* Activity
Output exactly, in the material below, the lines from the one with "사람으로 살아가는 방식은" through the one with "嘉義縣衛生局長趙紋華與民雄鄉". Omit all pictures.

* Extracted data
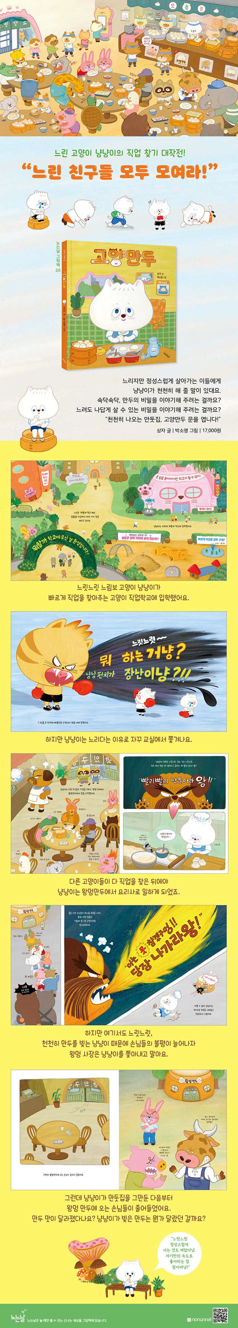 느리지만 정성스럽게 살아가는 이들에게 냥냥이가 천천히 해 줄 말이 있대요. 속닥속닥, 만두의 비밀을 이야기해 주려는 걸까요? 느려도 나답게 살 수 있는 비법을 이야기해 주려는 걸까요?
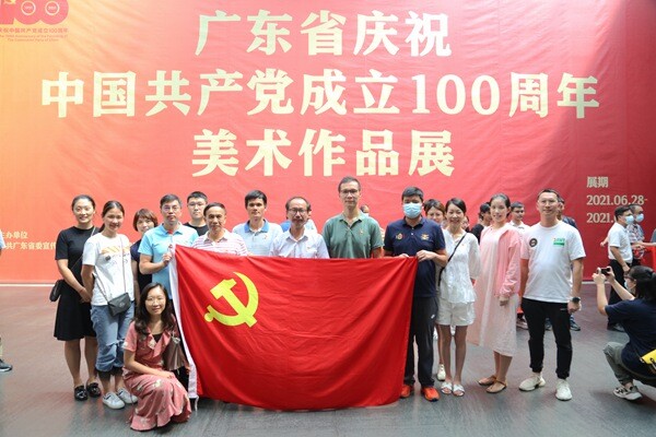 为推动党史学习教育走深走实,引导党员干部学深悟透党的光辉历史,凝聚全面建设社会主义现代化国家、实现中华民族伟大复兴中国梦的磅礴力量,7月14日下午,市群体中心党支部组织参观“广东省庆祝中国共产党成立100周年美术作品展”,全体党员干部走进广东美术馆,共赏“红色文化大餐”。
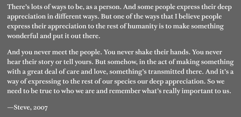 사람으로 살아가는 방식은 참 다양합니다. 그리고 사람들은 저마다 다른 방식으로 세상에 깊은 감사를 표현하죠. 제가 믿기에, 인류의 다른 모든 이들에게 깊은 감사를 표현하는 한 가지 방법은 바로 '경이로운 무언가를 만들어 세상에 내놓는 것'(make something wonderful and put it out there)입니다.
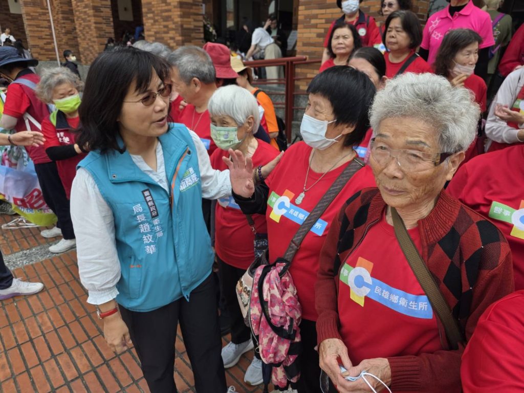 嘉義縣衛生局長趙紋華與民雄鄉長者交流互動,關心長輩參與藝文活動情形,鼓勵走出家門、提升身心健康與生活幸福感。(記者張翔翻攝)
---
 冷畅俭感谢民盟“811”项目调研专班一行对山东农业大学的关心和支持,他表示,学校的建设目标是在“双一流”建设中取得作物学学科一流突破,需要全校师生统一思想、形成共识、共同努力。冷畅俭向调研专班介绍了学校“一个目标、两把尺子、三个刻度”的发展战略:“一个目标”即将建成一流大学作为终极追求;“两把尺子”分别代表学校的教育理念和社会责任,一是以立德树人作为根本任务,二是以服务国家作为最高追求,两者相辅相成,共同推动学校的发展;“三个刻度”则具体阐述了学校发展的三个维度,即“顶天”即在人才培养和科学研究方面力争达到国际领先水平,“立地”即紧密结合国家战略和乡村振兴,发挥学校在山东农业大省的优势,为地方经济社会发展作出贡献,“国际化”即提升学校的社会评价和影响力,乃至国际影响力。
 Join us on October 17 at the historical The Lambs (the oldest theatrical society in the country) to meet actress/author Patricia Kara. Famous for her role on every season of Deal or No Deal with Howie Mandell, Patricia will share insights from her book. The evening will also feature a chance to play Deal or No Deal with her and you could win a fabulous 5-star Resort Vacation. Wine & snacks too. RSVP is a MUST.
--
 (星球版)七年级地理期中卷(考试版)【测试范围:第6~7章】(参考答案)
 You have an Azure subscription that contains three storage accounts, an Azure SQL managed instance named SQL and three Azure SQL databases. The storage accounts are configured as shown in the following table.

* Response area
 사람으로 살아가는 방식은 참 다양합니다. 그리고 사람들은 저마다 다른 방식으로 세상에 깊은 감사를 표현하죠. 제가 믿기에, 인류의 다른 모든 이들에게 깊은 감사를 표현하는 한 가지 방법은 바로 '경이로운 무언가를 만들어 세상에 내놓는 것'(make something wonderful and put it out there)입니다.
 嘉義縣衛生局長趙紋華與民雄鄉長者交流互動,關心長輩參與藝文活動情形,鼓勵走出家門、提升身心健康與生活幸福感。(記者張翔翻攝)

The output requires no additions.